この「ホーンテッドマンション」が最初に登場したのは1969年。開発は難航し、オープンまでかなりの苦労があったことは「Disney+(ディズニープラス)」で配信されているドキュメンタリーでも語られています。
でも苦労のかいあって、このアトラクションは唯一無二の面白いコンセプトを我が物にできました。欠かせないのが「ホーンテッドマンション」のストーリーです。
999人の亡霊が住んでいる屋敷という設定になっていて、亡霊たちは館に訪れるゲストを1000人目の仲間に迎えようと狙っており、屋敷の住人含めてバックグラウンドがしっかりあります。
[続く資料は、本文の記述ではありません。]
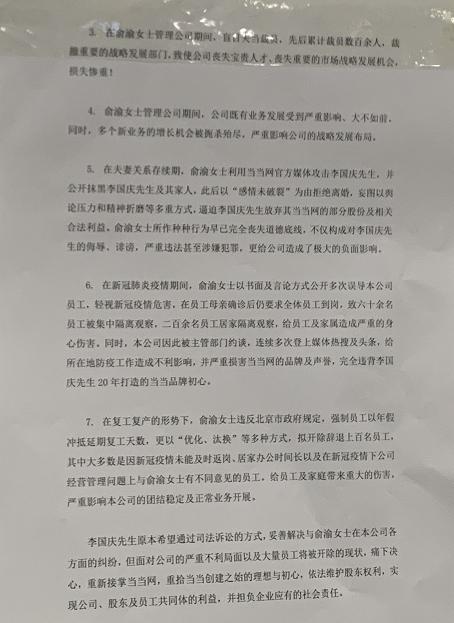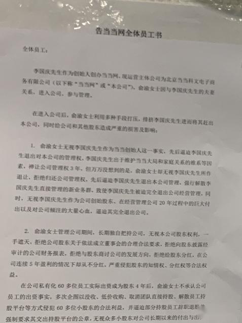 李国庆还在当当张贴了一张“告当当网全体员工书”。除了例举俞渝种种“不当行为”,更重要的是宣布:
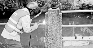 | 施工人员维修损坏的护栏。本报记者 李英挺 摄 |

着想のネタ元は「ウィンチェスター・ミステリー・ハウス」なんでしょうけど、「ホーンテッドマンション」はそれをさらに親しみやすくした感じですね。
そんな「ホーンテッドマンション」ですが、『パイレーツ・オブ・カリビアン』シリーズ(2003年~)の大成功から、ディズニーは自社パークのアトラクションの実写映画化に執心しており、最近も『ジャングル・クルーズ』(2021年)があったばかり。
この「ホーンテッドマンション」も2023年に実写映画化となりました。
それが本作『ホーンテッドマンション』です。
ただ、このアトラクションは映画化されるのはこれが初めてではありません。2003年に“エディ・マーフィ”主演で『ホーンテッドマンション』というタイトルで映画化済み。さらに2021年には『マペットのホーンテッドマンション』というマペット版も製作されており、こちらは私も大好きです。
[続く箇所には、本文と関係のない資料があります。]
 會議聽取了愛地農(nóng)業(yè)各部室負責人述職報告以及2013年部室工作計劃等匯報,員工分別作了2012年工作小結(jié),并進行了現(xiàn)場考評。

今回の2023年の『ホーンテッドマンション』はリブートということになります。なんでも元々は“ギレルモ・デル・トロ”が企画を進めていて、結局、その企画は潰れて、新しく再始動したのが本作のようです。“ギレルモ・デル・トロ”版、観たかったな…。
2023年の『ホーンテッドマンション』を監督することになったのは、“ジャスティン・シミエン”。2014年に『ディア・ホワイト・ピープル』で鮮烈にデビューし、2020年に『バッド・ヘアー』というホラーも手がけた注目の監督のひとりです。とは言え、脚本は“ジャスティン・シミエン”ではないので作家性は抑え気味かな。
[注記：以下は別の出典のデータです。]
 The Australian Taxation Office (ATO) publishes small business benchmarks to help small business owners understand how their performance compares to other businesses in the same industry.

では脚本を任されたのは誰かといえば、2016年の“メリッサ・マッカーシー”主演の『ゴーストバスターズ』や『クレイジー・バカンス ツイてない女たちの南国旅行』のシナリオを手がけた“ケイティ・ディポルド”です。
コミカルが売りのアトラクションということもあって、今回の俳優陣も負けじととても賑やか。
『ユダ&ブラック・メシア 裏切りの代償』の“ラキース・スタンフィールド”、ドラマ『アソーカ』の“ロザリオ・ドーソン”、『マリー・ミー』の“オーウェン・ウィルソン”、ドラマ『アフターパーティー』の“ティファニー・ハディッシュ”、『バットマン リターンズ』の“ダニー・デヴィート”、『エブリシング・エブリウェア・オール・アット・ワンス』の“ジェイミー・リー・カーティス”など。
それにしてもこの映画『ホーンテッドマンション』、なんでハロウィンのシーズンに劇場公開しなかったのだろうか…。タイミング、間違ってる気がする…。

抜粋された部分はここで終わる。